These cinnamon speculoos cookies (also called Biscoff or spekulaas cookies) are deliciously crispy and fragrant. Their distinctive spicy aroma comes from the addition of a LOT of cinnamon and the caramelizing of the brown sugar. Yummy.
I recently bought one of my favourite French pastry chef’s new book (“Gâteaux“) and immediately spotted the recipe for these cinnamon speculoos cookies. These Belgian cookies are traditionally made in time for St. Nicolas’ Day (on the 6th of December), but are now available to buy all year round.
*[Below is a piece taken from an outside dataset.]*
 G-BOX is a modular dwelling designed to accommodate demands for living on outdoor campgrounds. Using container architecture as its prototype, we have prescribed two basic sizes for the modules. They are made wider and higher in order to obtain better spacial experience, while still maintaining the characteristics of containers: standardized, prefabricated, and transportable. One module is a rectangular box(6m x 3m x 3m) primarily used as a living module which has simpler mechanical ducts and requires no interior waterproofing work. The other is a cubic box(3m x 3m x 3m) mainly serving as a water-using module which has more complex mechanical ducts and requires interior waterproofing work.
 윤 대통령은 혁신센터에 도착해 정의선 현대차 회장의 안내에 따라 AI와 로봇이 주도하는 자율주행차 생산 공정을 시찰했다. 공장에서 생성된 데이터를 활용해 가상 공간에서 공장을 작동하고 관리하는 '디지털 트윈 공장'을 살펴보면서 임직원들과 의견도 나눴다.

I often use speculoos for my baking (for instance for the pumpkin cheesecake) as they add a nice cinnamony flavour to the dessert.
Speculoos are easy to make but require some resting time so you need to plan ahead before making them.
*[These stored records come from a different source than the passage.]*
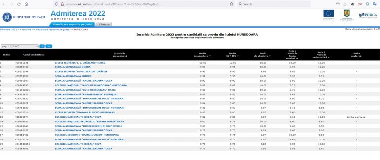 ACTUALITATEȘTIRI INFO HD IERARHIA MEDIILOR DE ADMITERE LA LICEU 4 iulie 2022 Petru Meszaros IȘJ Hunedoara a publicat lista pe site-ul instituției: isj.hd.edu.ro
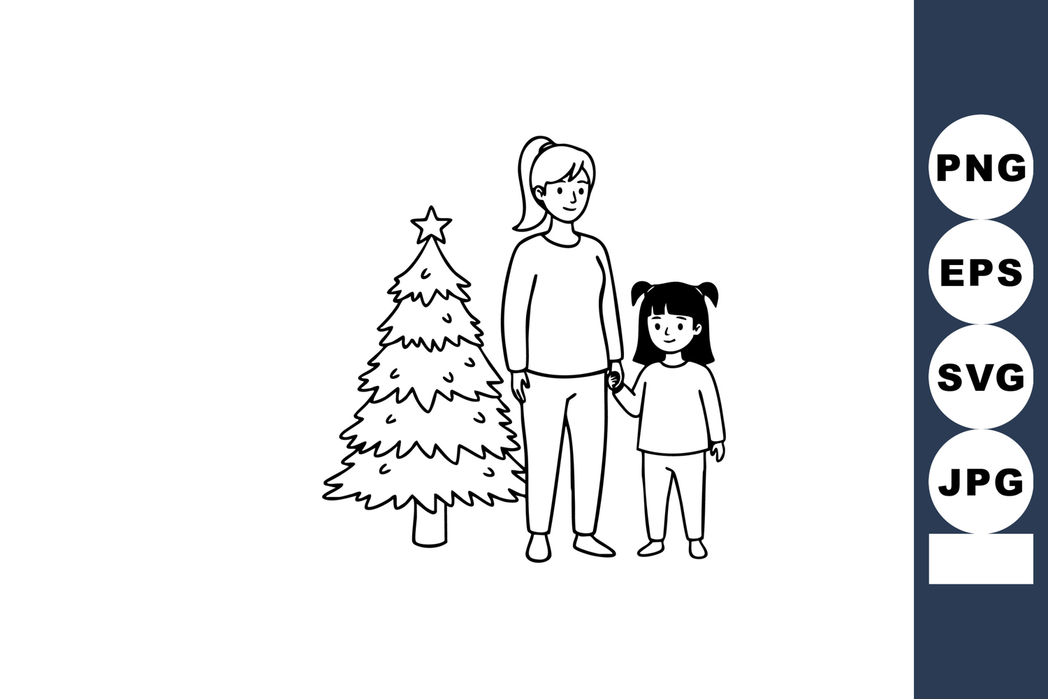Similar Design Products to Mother and daughter holding hands beside decorated christmas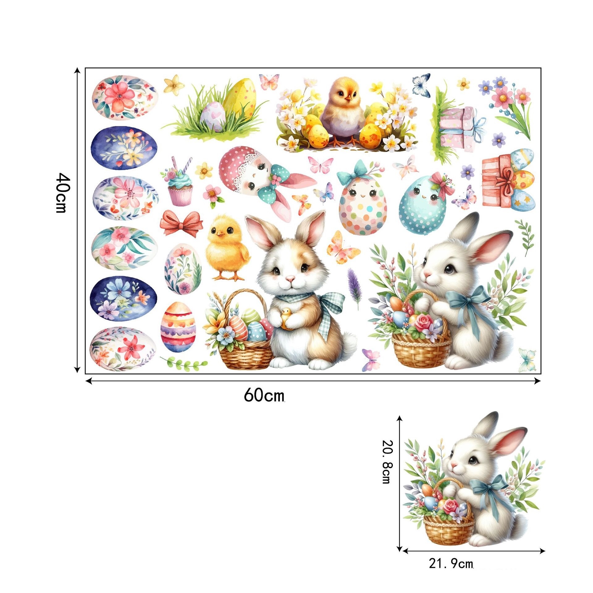 paas raamstickers statisch set 60x40 cm konijnen eieren kuikens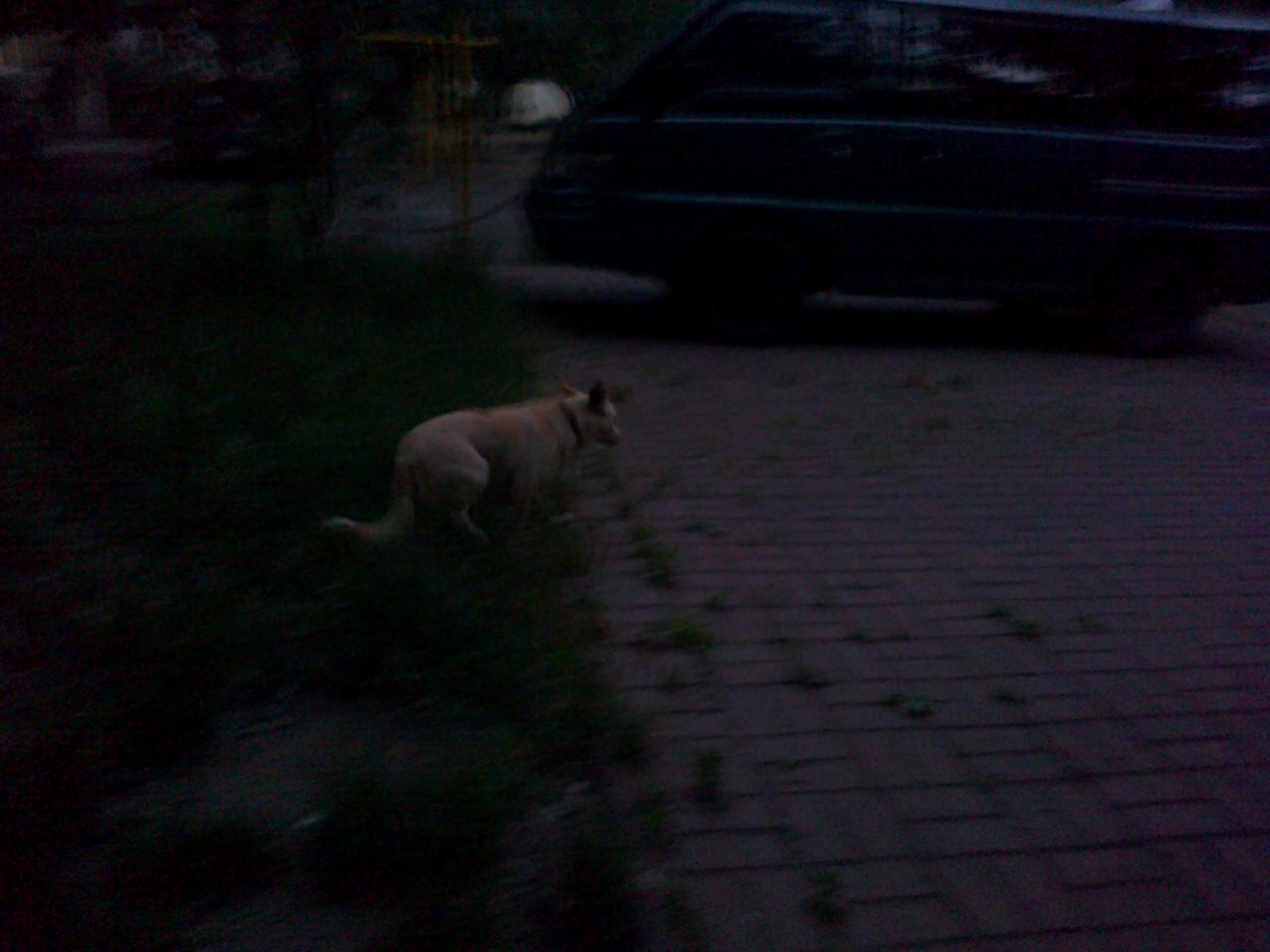 Фото получилось плохо, так как собака уже очень боится людей, и старается сразу уходить(еду ей на расстоянии даю) У нее снова перебита лапа, на которую он совсем не становится. Кстати, на фото та самая машина живодера...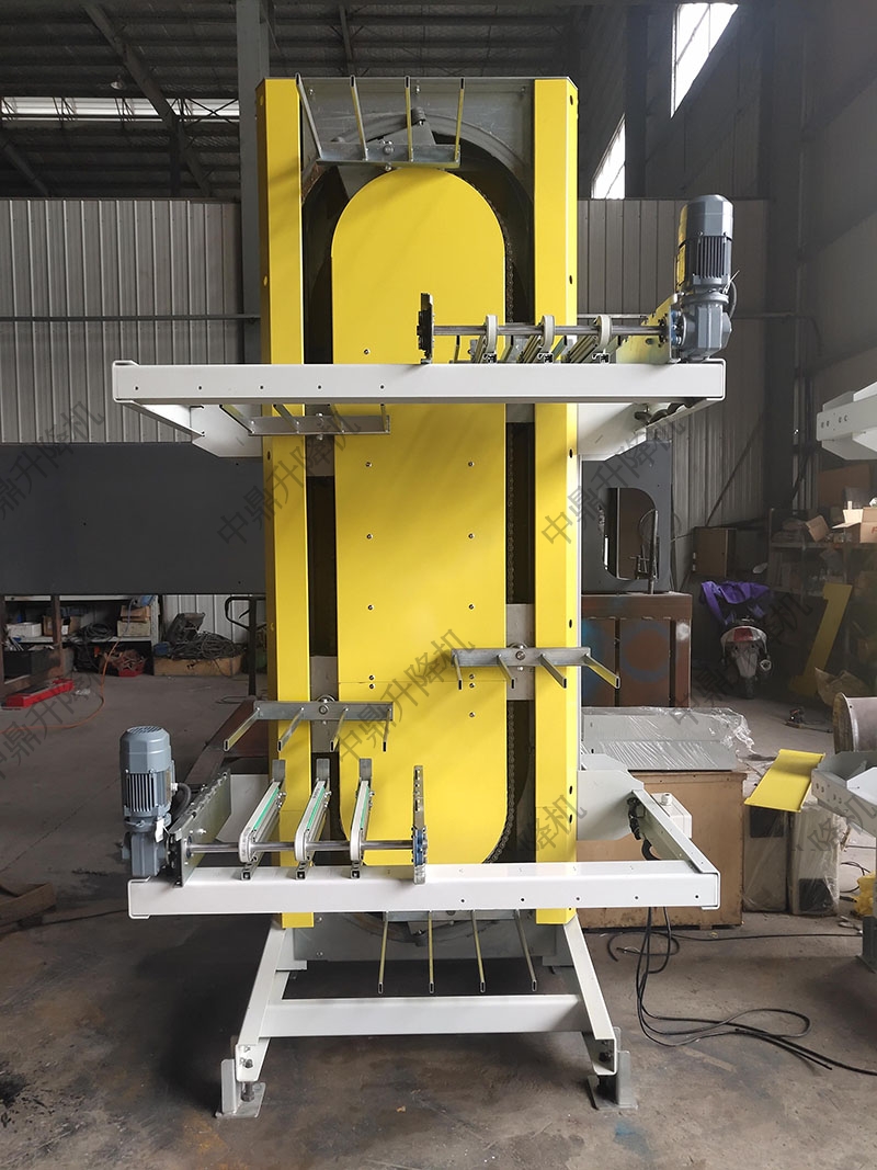叉臂循環式提升機采用高質量的叉臂設計,確保物料穩固提升和精確定位。傳動齒輪系統由耐用材料制成,提供平穩而高效的動力傳輸,延長設備使用壽命。配備的滾輪輸送帶能夠平穩輸送各種物料,降低摩擦力,提升運輸效率。提升機立柱采用堅固的結構材料,保證設備的穩定性和承載能力,確保長時間高效、安全運行。每個細節都經過精心設計,確保提升機在高強度作業環境中的優異表現。

If you like cinnamon, you’ll enjoy this recipe!
These cinnamon speculoos cookies (also called Biscoff or speculas cookies) are deliciously crispy and fragrant. Their distinctive spicy aroma comes from the addition of a LOT of cinnamon and the caramelizing of the brown sugar. Yummy.
- 20 g eggs about 1/2 egg
- 100 g (1 stick) of butter
- 100 g (1/2 cup) vergeoise sugar or alternatively brown sugar
- 30 g (2 tbsp) granulated sugar
- 200 g (1 2/3 cups) flour
- 6 g (1 tsp) baking powder
- 10 g (2 tsp) of whole milk
- 5-8 g (1 tsp - 1 1/2 tsp) cinnamon
- 1 g salt a pinch of salt
Mix the butter, the white sugar and the vergeoise/brown sugar, then add the egg and the milk.
In a separate bowl, mix the flour, cinnamon, salt and baking powder, then add to the butter/sugar and mix until well combined.
Wrap the dough in cling film and chill in the fridge for 30 min until it becomes firmer (but not too firm or you will not be able to roll it out).
Roll out the dough to 3 mm (0.1 inch) thickness and cut out shapes with a cookie cutter. Leave to dry out at room temperature for 2 hours before baking.
Preheat the oven to 180°C (355F). Bake in the oven for 10 to 15 minutes.